### AIM OF THE TASK
The line with "홍남기 경제부총리 겸" marks the first line to copy, and the line with "Celebra los momentos" marks the last. Transcribe that stretch of the data below exactly, without pictures.

### MATERIAL SHOWN
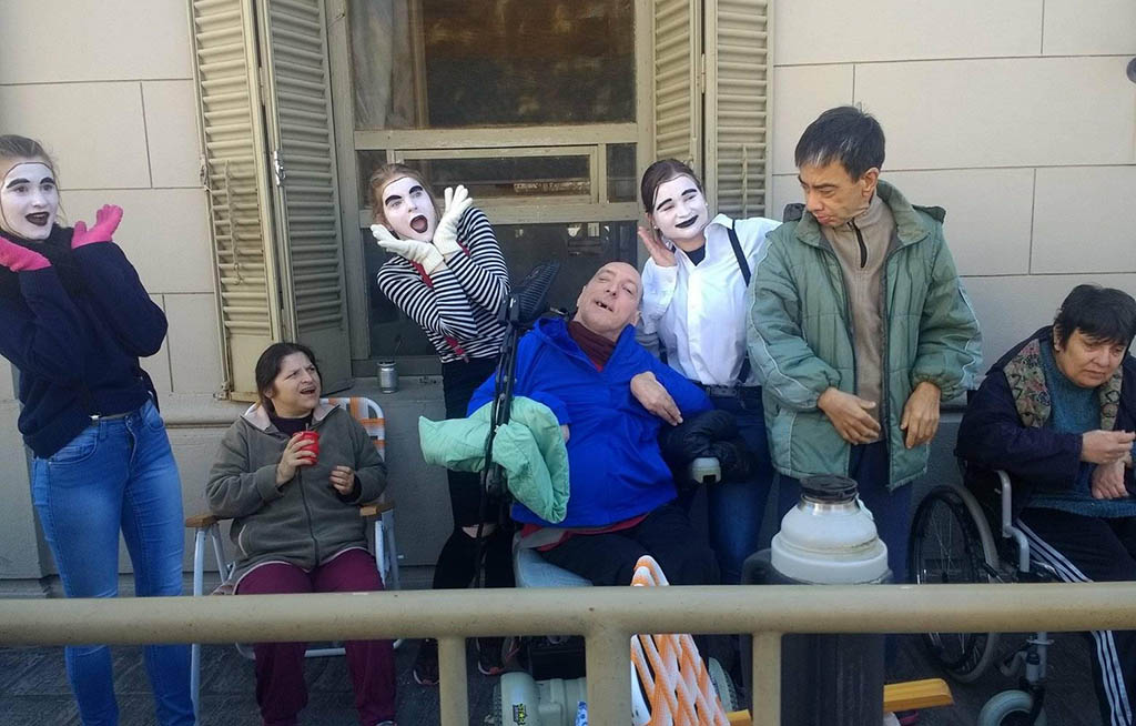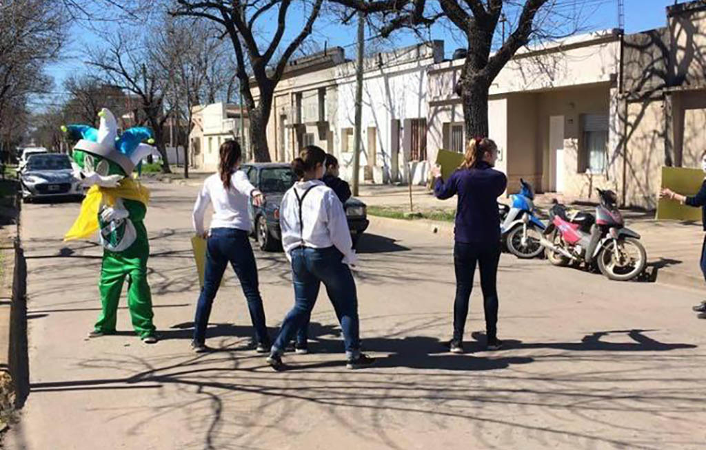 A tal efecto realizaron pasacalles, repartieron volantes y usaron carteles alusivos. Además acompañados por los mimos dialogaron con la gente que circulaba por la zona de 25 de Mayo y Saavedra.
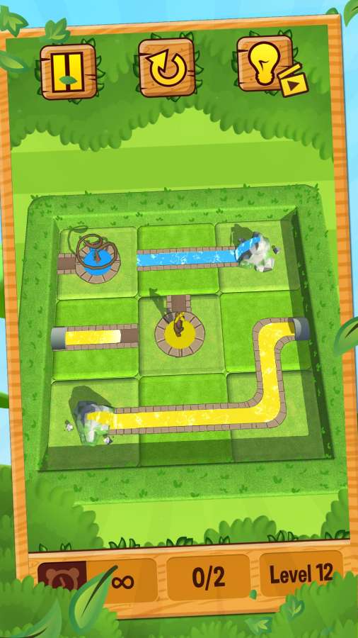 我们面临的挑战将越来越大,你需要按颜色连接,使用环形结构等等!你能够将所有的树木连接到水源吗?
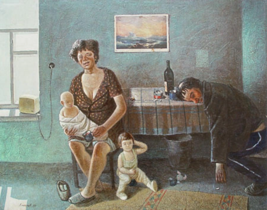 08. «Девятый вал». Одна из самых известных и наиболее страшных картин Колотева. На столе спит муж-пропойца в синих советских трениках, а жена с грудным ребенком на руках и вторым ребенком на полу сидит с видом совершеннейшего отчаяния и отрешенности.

---

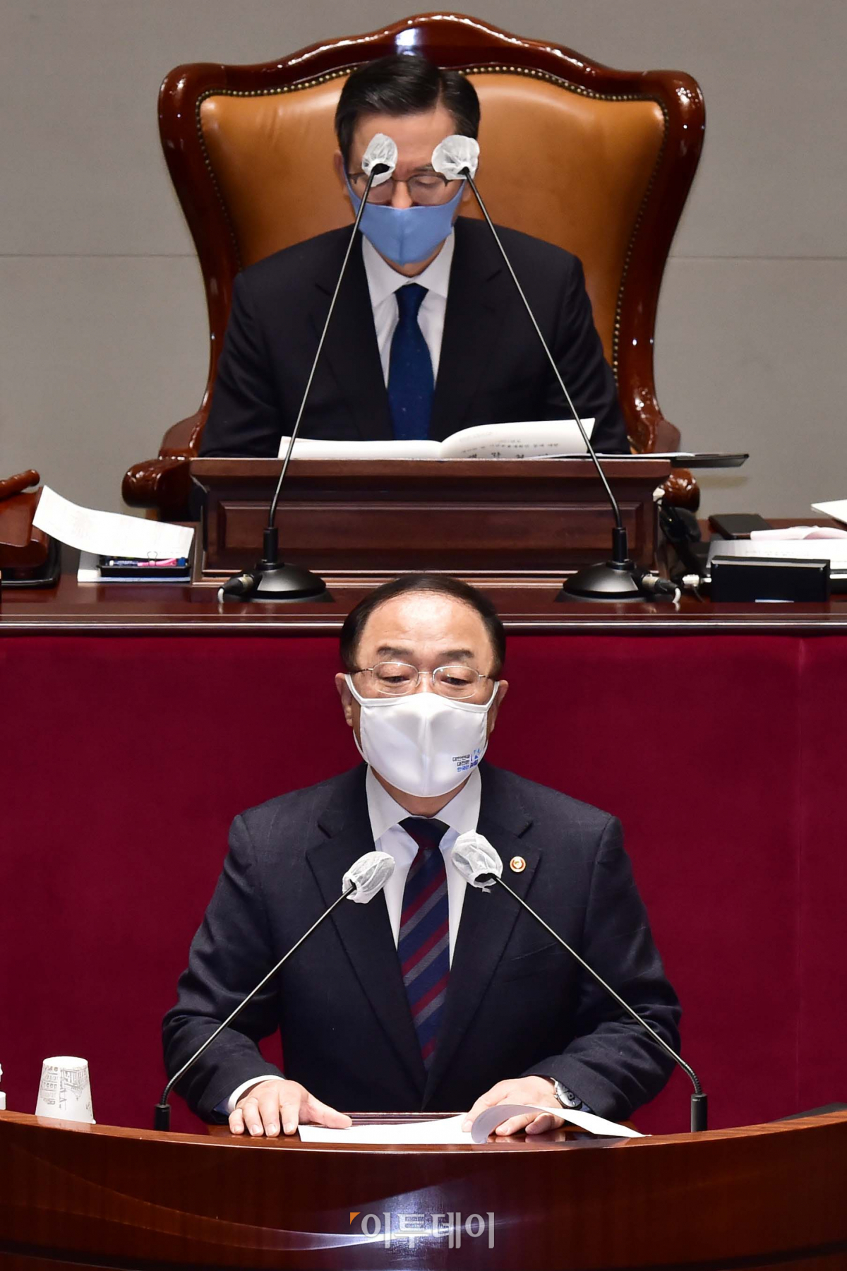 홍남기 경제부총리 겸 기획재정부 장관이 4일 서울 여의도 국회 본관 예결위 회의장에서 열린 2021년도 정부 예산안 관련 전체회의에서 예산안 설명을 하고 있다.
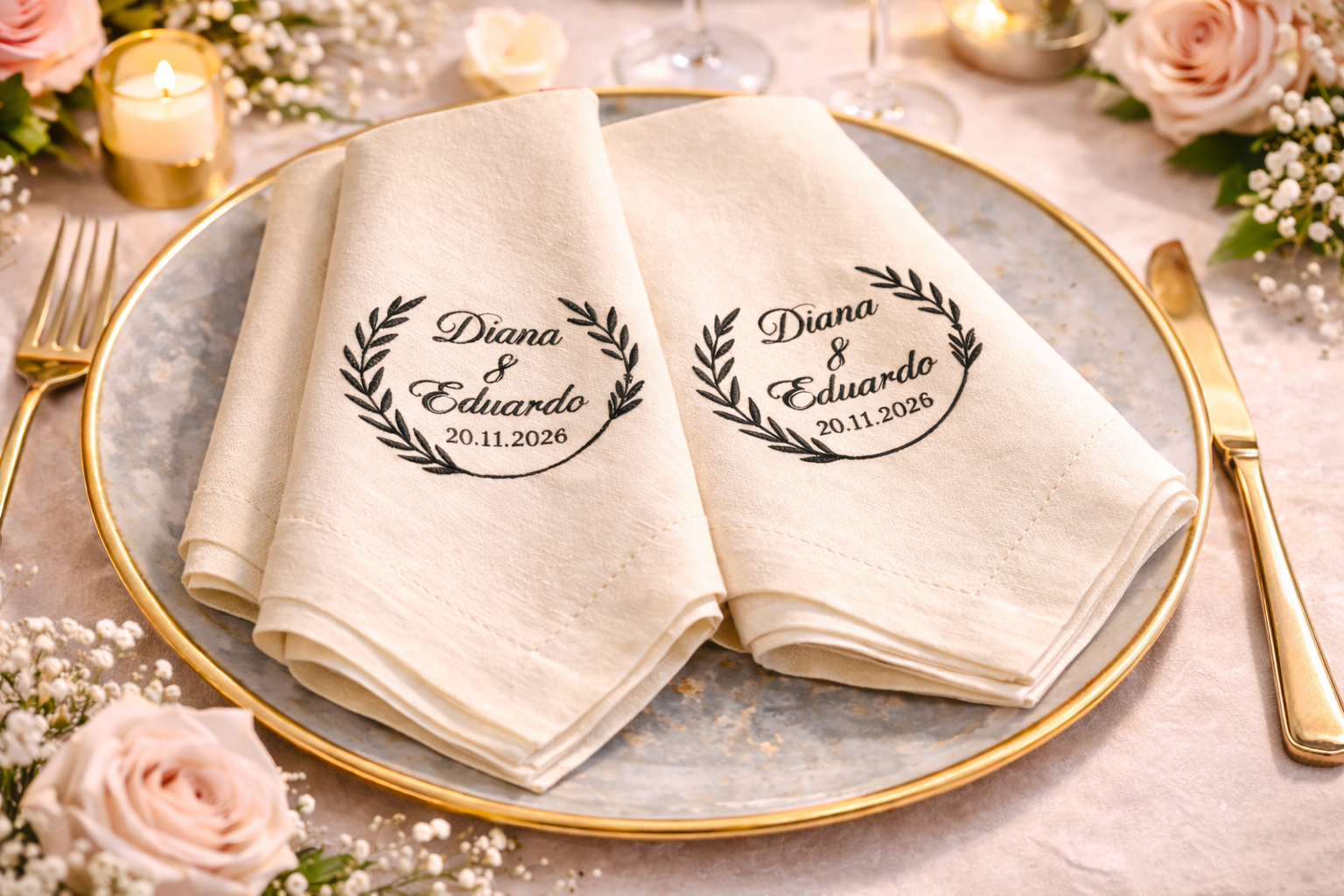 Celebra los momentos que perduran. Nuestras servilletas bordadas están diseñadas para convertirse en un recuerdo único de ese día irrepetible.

### WRITTEN ANSWER
 홍남기 경제부총리 겸 기획재정부 장관이 4일 서울 여의도 국회 본관 예결위 회의장에서 열린 2021년도 정부 예산안 관련 전체회의에서 예산안 설명을 하고 있다.
 Celebra los momentos que perduran. Nuestras servilletas bordadas están diseñadas para convertirse en un recuerdo único de ese día irrepetible.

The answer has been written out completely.